Samuel 15, 16-23
Sal 49, 8-9. 16bc-17. 21 y 23
San Marcos 2, 18-22
Nosotros no adoramos la Escritura, sino a Dios que nos habla a través de ella. Y llegamos a conocerla bien en la medida en que el Espíritu Santo viene a nuestros corazones. Sin el Espíritu Santo nos sirve de bien poco. Es lo que apunta el Evangelio de hoy. Los fariseos y los discípulos de Juan ayunaban. En cambio, los discípulos de Jesús no lo hacían. Ayunar es bueno, y el mismo Jesús lo recomienda en otros lugares, como cuando dice que hay demonios que sólo se expulsan con el ayuno y la oración. Pero no absolutiza el ayuno porque allí hay alguien que es mayor que el ayuno, que es Jesús. Y pone esa comparación del vino nuevo en odres nuevos. El vino de Jesús es mejor que el de la ley antigua, pero eso exige también un odre nuevo. Para vivir el Evangelio hay que pasar del hombre viejo al nuevo, y eso se realiza mediante la acción de a gracia. Ya lo apunta san Pablo al señalar que lo que ha realizado en los corintios no es obra suya, sino que viene de Dios.

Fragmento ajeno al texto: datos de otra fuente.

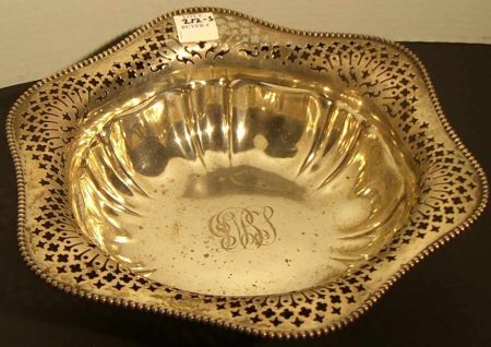 Sterling silver pierced monogrammed bowl w/beaded border - R. W. (deerhead symbol) & S. - 11" diameter Sterling silver pierced monogrammed bowl w/beaded border - R. W. (deerhead symbol) & S. - 11" diameter

Por ello todo lo que hacemos, también en el orden de la piedad, ha de conducirnos al encuentro con el Esposo y a la intimidad con Él. Uno podría ser muy religioso y, sin embargo, tener una fe y una experiencia de Dios muy pobre. Se pueden leer las Sagradas Escrituras y saber mucho y ser muy sabio y, sin embargo, permanecer frío en la vida espiritual. Por el contrario, se puede amar la palabra de Dios como hacía santa Teresita de Lisieux que le hubiera gustado saber griego y hebreo para penetrar mejor su sentido, pero no por afán cientificista, sino para conocer mejor los sentimientos del Corazón de Jesús.
En la primera lectura tenemos el ejemplo de Saúl. Este ha realizado un sacrificio a Dios ofreciendo algunas de las reses de los rebaños capturados a los amalecitas. Sin embargo Dios le había mandado que lo destruyera todo. Pero Saúl prefirió hacer su propia voluntad y pensaba que era mejor hacer un sacrificio. De hecho Saúl siempre tuvo una religiosidad más bien fría y caprichosa. Samuel le hace ver que amparándose en una aparente piedad lo que ha hecho es anteponer su voluntad a la de Dios. Se le podía aplicar lo que dice el salmo de hoy: “¿Por qué recitas mis preceptos y tienes siempre en la boca mi alianza, tú que detestas mis enseñanzas y te echas a la espalda mis mandatos?”.
Hay por tanto una gran enseñanza. No se trata de que nosotros construyamos la religiosidad a nuestra medida, lo que al final implica reducir Dios a nuestras categorías, sino de dejarnos transformar totalmente por Él. Los apóstoles, junto al Señor, lo que hacían era ir configurándose a su persona. En la compañía de Cristo descubren una nueva dimensión del ayuno y su verdadero sentido. Este expresa la conciencia de una ausencia, la de Dios y muestra el deseo de volver a encontrarse con Él o de servirlo mejor. Sin embargo, para los que le preguntan al Señor anteponen la norma a su sentido. Y esta no está mal, pero siempre hace referencia a la bondad de Dios. Todas las prácticas de piedad buscan acercarnos más al Señor y permitirnos caminar en su presencia.
Que la Virgen María nos enseñe a tratar bien al Señor y nos muestre lo que hemos de hacer para servirle adecuadamente.